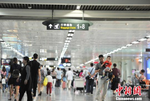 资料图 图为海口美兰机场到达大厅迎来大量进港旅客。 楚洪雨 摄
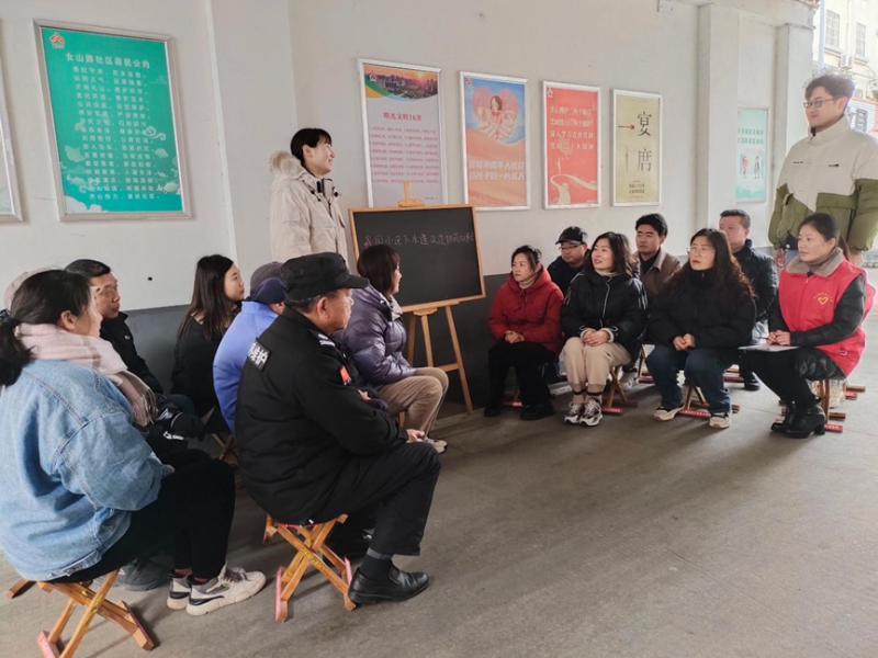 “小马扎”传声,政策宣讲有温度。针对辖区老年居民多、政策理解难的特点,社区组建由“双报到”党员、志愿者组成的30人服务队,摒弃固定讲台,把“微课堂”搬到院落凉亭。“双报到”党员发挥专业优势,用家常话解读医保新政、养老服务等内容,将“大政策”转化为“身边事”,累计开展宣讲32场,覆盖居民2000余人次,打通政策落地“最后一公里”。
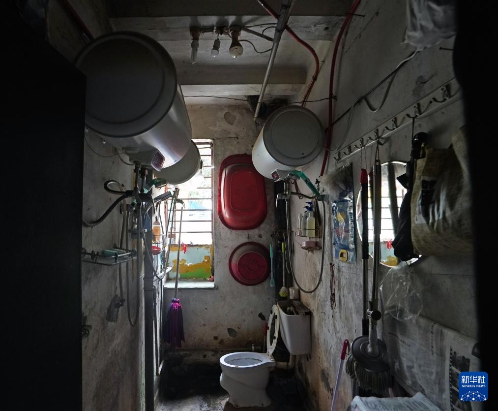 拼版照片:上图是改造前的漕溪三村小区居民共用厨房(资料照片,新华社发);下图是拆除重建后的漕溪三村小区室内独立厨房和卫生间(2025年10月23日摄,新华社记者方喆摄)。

...

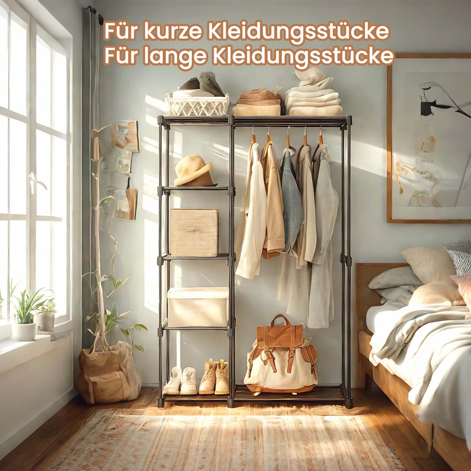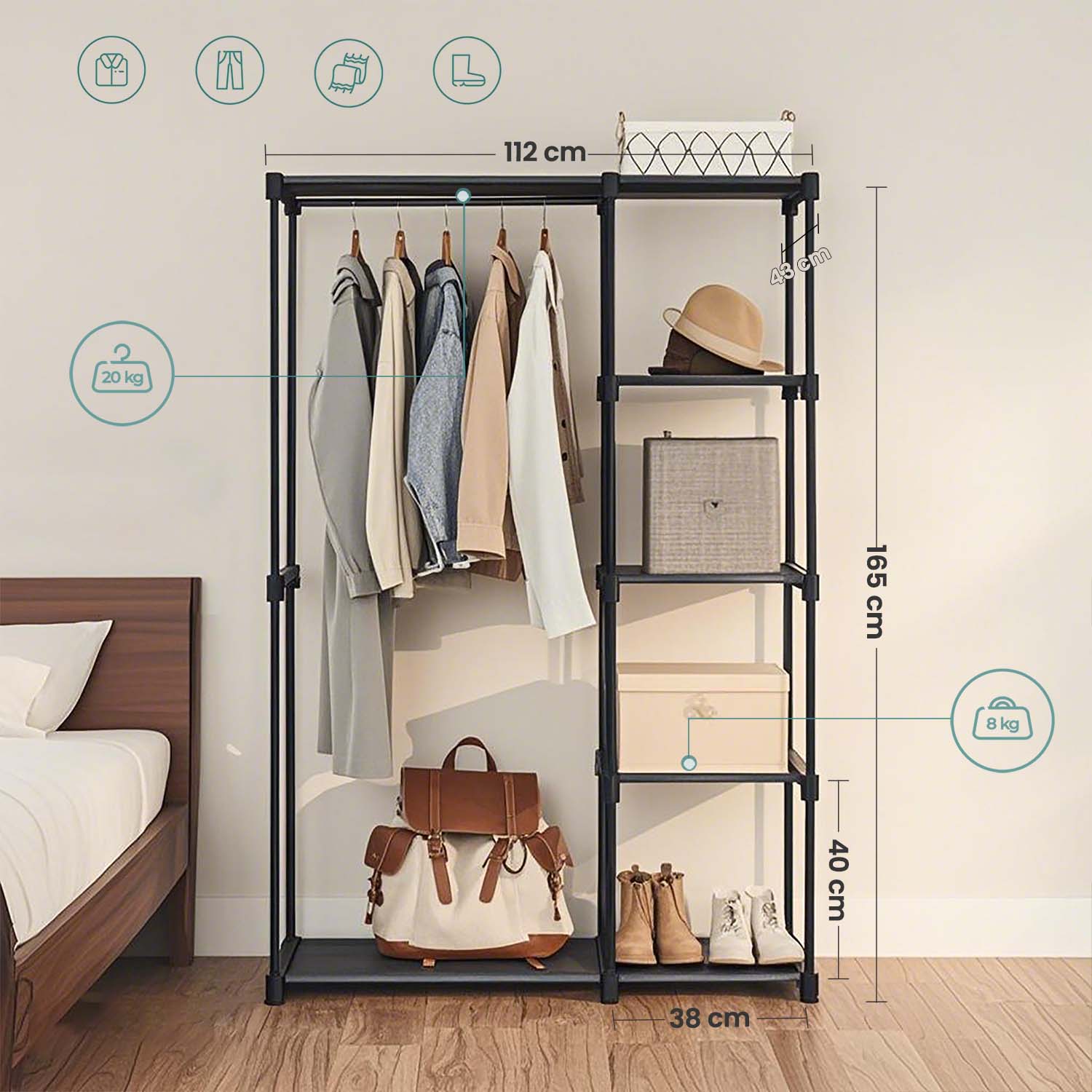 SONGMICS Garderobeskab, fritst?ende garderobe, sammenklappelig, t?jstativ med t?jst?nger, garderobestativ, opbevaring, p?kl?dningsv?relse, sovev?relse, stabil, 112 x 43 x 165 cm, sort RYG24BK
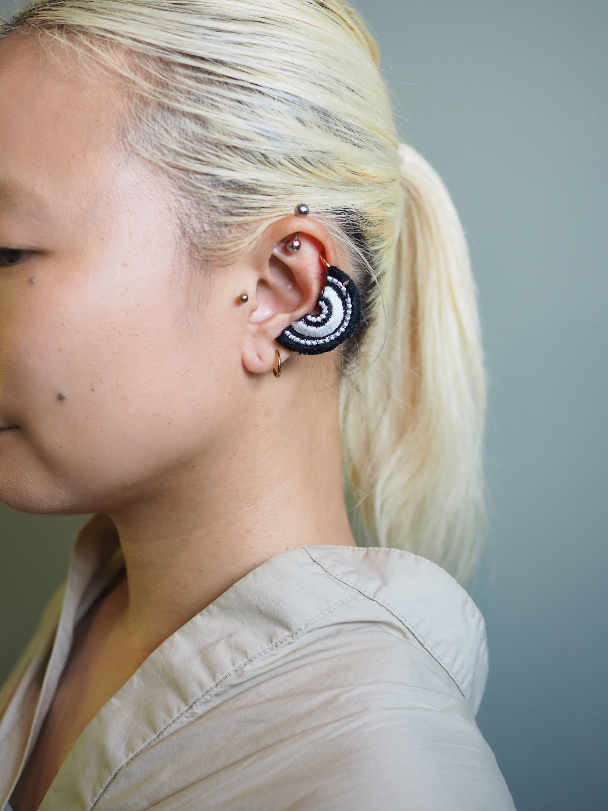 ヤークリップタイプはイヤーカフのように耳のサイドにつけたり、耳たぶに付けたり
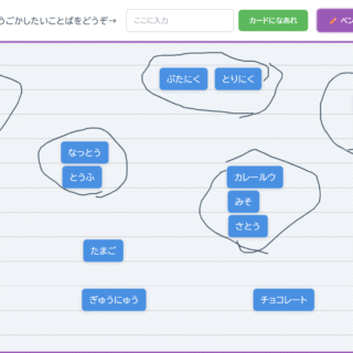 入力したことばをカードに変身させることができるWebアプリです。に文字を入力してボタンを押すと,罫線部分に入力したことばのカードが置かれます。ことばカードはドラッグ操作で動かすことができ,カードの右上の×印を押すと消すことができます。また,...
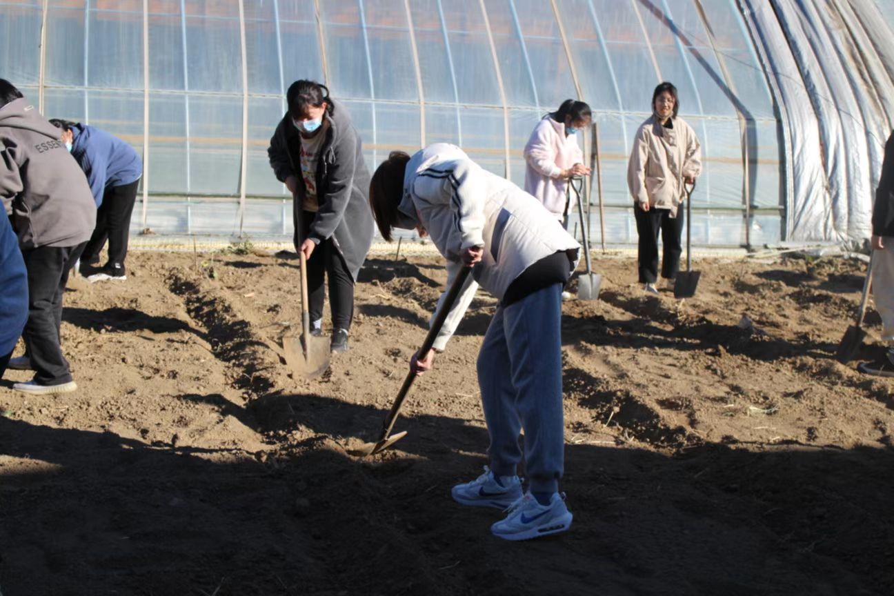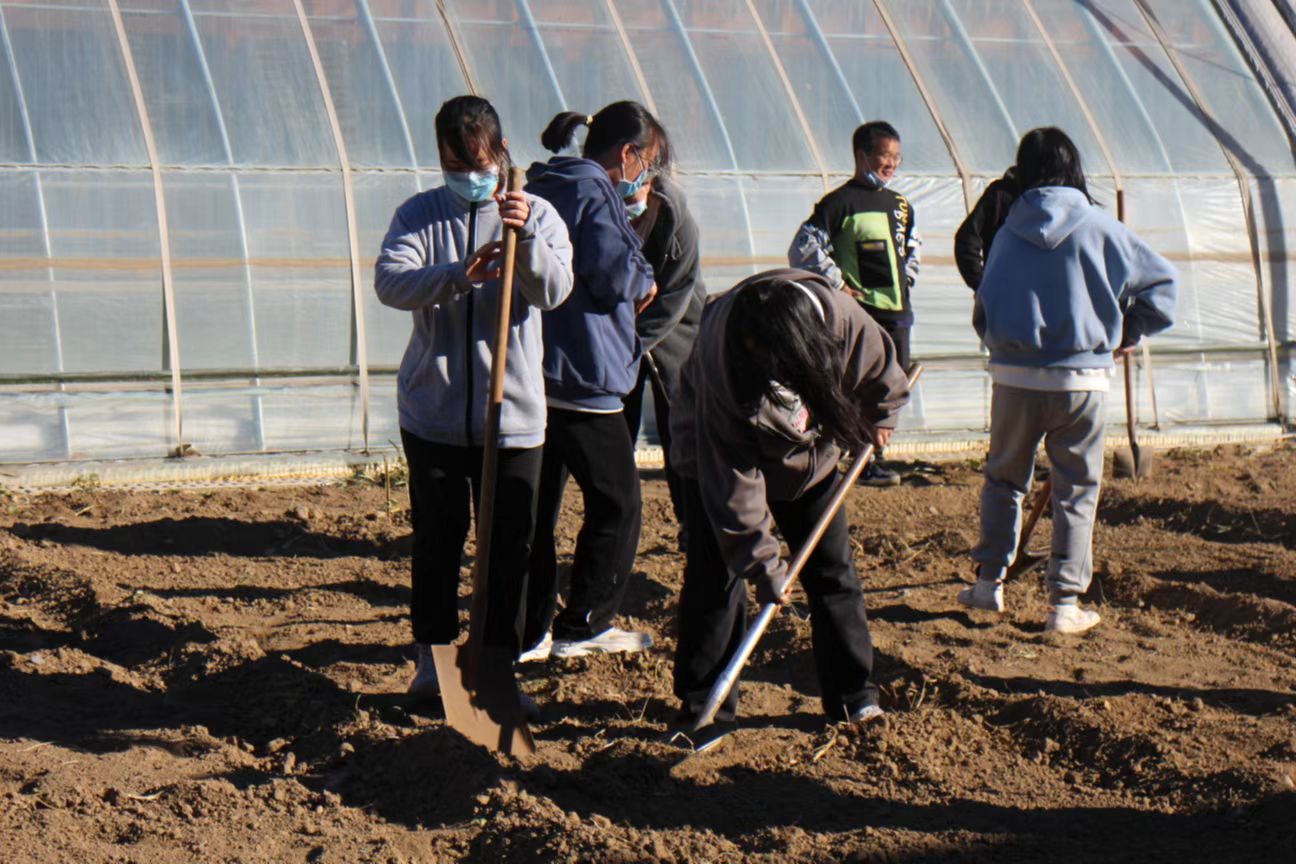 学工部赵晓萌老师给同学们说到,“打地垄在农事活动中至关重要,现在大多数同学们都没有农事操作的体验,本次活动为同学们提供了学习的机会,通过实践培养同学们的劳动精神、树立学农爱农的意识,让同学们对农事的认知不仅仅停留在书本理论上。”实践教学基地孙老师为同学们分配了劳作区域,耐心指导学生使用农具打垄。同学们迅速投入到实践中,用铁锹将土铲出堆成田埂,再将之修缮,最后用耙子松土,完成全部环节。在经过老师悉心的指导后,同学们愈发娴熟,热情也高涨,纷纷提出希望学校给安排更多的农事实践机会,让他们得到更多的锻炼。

* _REQUIRED WORK_
Repeat only the stretch of data above that runs from the line with "资料图 图为海口美兰机场到达大厅迎来大量进港旅客。 楚洪雨 摄" to the line with "拼版照片:上图是改造前的漕溪". Keep both end lines; exclude pictures.

* _TASK SOLUTION_
 资料图 图为海口美兰机场到达大厅迎来大量进港旅客。 楚洪雨 摄
 “小马扎”传声,政策宣讲有温度。针对辖区老年居民多、政策理解难的特点,社区组建由“双报到”党员、志愿者组成的30人服务队,摒弃固定讲台,把“微课堂”搬到院落凉亭。“双报到”党员发挥专业优势,用家常话解读医保新政、养老服务等内容,将“大政策”转化为“身边事”,累计开展宣讲32场,覆盖居民2000余人次,打通政策落地“最后一公里”。
 拼版照片:上图是改造前的漕溪三村小区居民共用厨房(资料照片,新华社发);下图是拆除重建后的漕溪三村小区室内独立厨房和卫生间(2025年10月23日摄,新华社记者方喆摄)。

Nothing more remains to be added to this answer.